Filmfestival Venedig: Michael Manns „Ferrari“ hatte Weltpremiere – und Adam Driver wetterte gegen Netflix und Amazon.
Von Matthias Greuling / RedCarpet-Fotos: Katharina Sartena
Eigentlich ziemlich genial, wenn man Driver heißt und einen Rennfahrer spielt – das muss sich wohl auch Adam Driver gedacht haben, als ihn Michael Mann für sein Biopic „Ferrari“ über Enzo Ferrari besetzt hat. Darin gibt es zuhauf alte (und wertvolle) Ferrari-Modelle zu sehen, und natürlich die Lebensgeschichte des Unternehmensgründers. Der rasante Sport-Thriller hatte in Venedig im Wettbewerb um den Goldenen Löwen Premiere und bringt zu Ende, was bereits im Jahr 2000 begann: Das Projekt stand damals unter der Ägide von Sydney Pollack, der die Regie übernehmen sollte. Daraus wurde nichts, und zigfach reichte man das Projekt herum, auch Hugh Jackman hätte Enzo Ferrari darstellen sollen, geworden ist es schließlich Driver.

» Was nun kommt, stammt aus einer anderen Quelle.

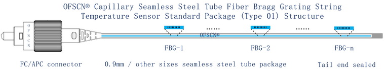 The structure of this sensor is based on the OFSCN® 300°C Fiber Bragg Grating Temperature Sensor. Here are the key technical characteristics: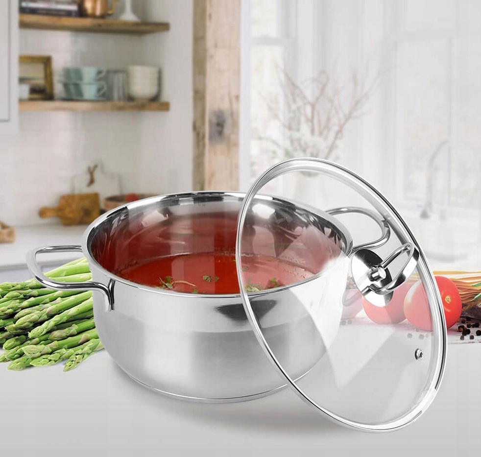 Garnek ze stali nierdzewnej o pojemności 5,5l nadający sie do wszystkich rodzajów kuchenek w tym indukcyjnych.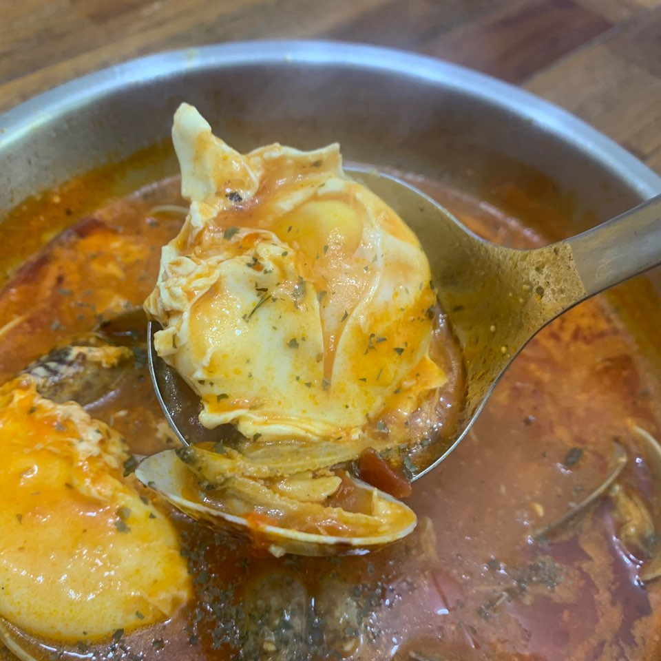 일반적인 해물탕이 아닌 올리브오일과 토마토가 합쳐진 해물탕 느낌이에요. 크리스마스나 연말에 와인이나 맥주에 어울리는 해산물 토마토 스튜라고 보시면 되겠네요 :)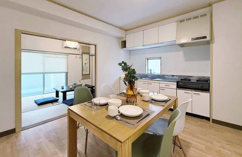 clean & spacious 3 bedroom apartment with elevator 5 mins walk to PeacePark. 1 train ride from Hiroshima sta via streetcar. Good for 9 people. The Japanese tatami room can turn into bedroom for 3 futons or kotatsu table can be set up during winter time. Kitchen with basic cooking needs & dining area. Separate toilet & bath. Washing machine. AC with heating function. All you need for a comfortable stay while you explore the city.

Der hatte in Venedig am roten Teppich posiert, die Autos aus dem Film waren auch dabei, aber seltsamerweise hat die Produktionsfirma den ultimativen Marketing-Clou verstreichen lassen: In Monza bei Mailand findet kommendes Wochenende der nächste Formel-1-Grand-Prix statt, es wäre also naheliegend gewesen, die „Ferrari“-Filmpremiere auch für einen Auftritt der aktuellen F1-Piloten Carlos Sainz und Charles Leclerc am roten Teppich zu nutzen. Leider haben wohl weder die Festivalverantwortlichen noch Ferrari selbst an diesen naheliegenden Bewerbungseffekt gedacht.

Aber vielleicht war es auch wichtig, stattdessen auf einen anderen Umstand hinzuweisen, der derzeit eine regelrechte Star-Flaute auf dem Lido verursacht: Der Streik der US-Schauspieler, die sich für bessere Arbeitsbedingungen und gegen eine Dominanz von Künstlicher Intelligenz in der Filmherstellung richtet. Dass Driver hier für die US-Filmproduktion „Ferrari“ Promotion machen darf, bedurfte einer Sondergenehmigung durch die Screen Actors Guild (SAG), die Schauspielergewerkschaft, denn an „Ferrari“, so die SAG, gäbe es nichts auszusetzen: Der Film wäre genau nach den Standards gedreht worden, die die SAG von den großen Studios einfordert. „Wenn eine Independent-Produktion wie die unsere es schafft, diese Forderungen einzuhalten, wieso schaffen es dann Branchen-Riesen wie Netflix oder Amazon nicht?“, fragte Driver am Lido vor Journalisten. Er sagte auch, es sei eine „klare Sache“ gewesen, die Gelegenheit zu nutzen, um am Festival teilzunehmen und sich mit der SAG-Gewerkschaft zu solidarisieren, „indem ich dort auftauche und nur noch mehr beweise, dass es wirklich um die Leute geht, mit denen man Filme macht“, so Driver.
„Ferrari“ ist, wie Michael Mann es formuliert, „ohne großen Scheck eines Studios“ entstanden, sondern wurde realisiert, „weil viele Leute daran mitgearbeitet haben, die auf einen großen Teil ihres Gehalts verzichtet haben“. Prekäre Verhältnisse also in der US-Independent-Szene? Durchaus, weshalb man die Forderungen der SAG vollinhaltlich unterstütze. „Wir stehen individuell und kollektiv hinter den Anliegen der Gewerkschaft“, sagt Mann.
Bleibt nur mehr die Frage nach dem „Driver of the Day“, wie man das aus der Formel-1 kennt. Der ist eindeutig Adam Driver himself – einer, der sich traut, gegen die Praktiken der Branchenriesen auch mal öffentlich lautstark den Mund aufzumachen.